И вот однажды я оказался у Киры Прошутинской на передаче «Народ хочет знать», и мы долго обсуждали вопросы о том, повышать заработную плату врачам или не повышать. И я как-то, вы знаете, на тот момент, еще до глубины не понимая масштаб трагедии, которая меня постигнет, стоял и доказывал, что вообще повышение заработной платы врачей — вещь абсолютно разумная. Тем более, если это делать осмысленно, не просто «всем», а имея в голове некоторую цель, ради которой, собственно говоря, это делается. А я в тот момент считал — и сейчас продолжаю оставаться в этом убежденным — что, конечно, прежде всего, надо было укрепить первичное звено здравоохранения, попытаться создать предпосылки для создания общих практик, возможно, потом трансформировать это в частные врачебные практики, и как бы развиваться по пути создания сети, которая в некоторых местах называется «медицинский адвокат». Потому что кто-то должен управлять расходами на здравоохранение, и казалось, что как раз такой врач может эту функцию выполнить. Поэтому мы так активно создавали этот институт, и довольно серьезные деньги в этот процесс вкладывали.
И вот, дискуссия. Я, как могу, отстаиваю свою точку зрения, у меня были оппоненты, и была аудитория, а потом аудитории предложили проголосовать. Друзья мои, вы не поверите, 67 % собравшейся аудитории проголосовали за низкую заработную плату врачей. Я был настолько шокирован, что, когда мне предложили сказать заключительное слово, я сказал какую-то абсолютную банальность и, глубоко погруженный в свою личную трагедию непонимания происходящего и того народа, которому я призван служить, поехал домой. И вот этот процесс размышления по поводу того, почему так случилось, занял у меня несколько дней, и, в конце концов, я нашел объяснение, которое мне на сегодняшний день кажется достаточно интересным и много что объясняет. Итак, в известном смысле, та архитектура, которая возникла еще в середине XIX-го века с появлением земских врачей и присутствует в сознании до сих пор, предполагала следующее,— пациент заинтересован лично заплатить врачу.

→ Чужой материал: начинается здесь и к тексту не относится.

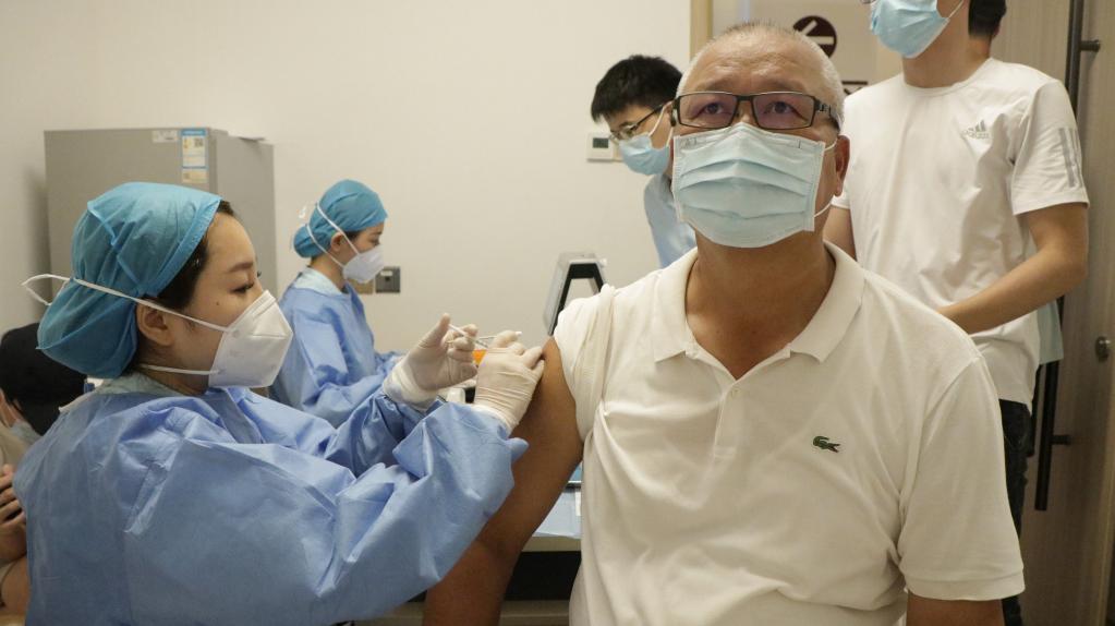 6月18日,在陸臺(tái)胞古秀亮在廣州市番禺區(qū)祈福醫(yī)院接種新冠疫苗。新華社記者 洪澤華 攝

Пусть это будет небольшая сумма, пусть это будут те средства, которые он может позволить заплатить, но он лично должен передать часть своих доходов врачу и таким образом гарантировать внимательное к себе отношение. Любое увеличение доходов врача означает увеличение соплатежа. Потому что в том случае, если сумма, которую вы будете уплачивать, будет для врача незначительной, значит, с точки зрения восприятия человека, это будет означать, что врач свой долг по отношению к нему будет исполнять ненадлежащим образом. Этим примером, или некоторой гипотезой, которую я сейчас вам рассказал, я хочу проиллюстрировать, насколько чудовищно разнятся наши представления об объекте, о котором мы говорим, с теми реалиями, которые в этом объекте происходят. Это не двоемыслие, это просто желание вписать в какую-то систему представление, которое неизвестно как в наших головах появилось (наверное, во многом повлияло образование, хорошее или плохое), об отношении к тому, с чем мы имеем дело.
И вот сейчас я, руководствуясь этой логикой, прокомментирую ряд из тех суждений, которые я только что услышал.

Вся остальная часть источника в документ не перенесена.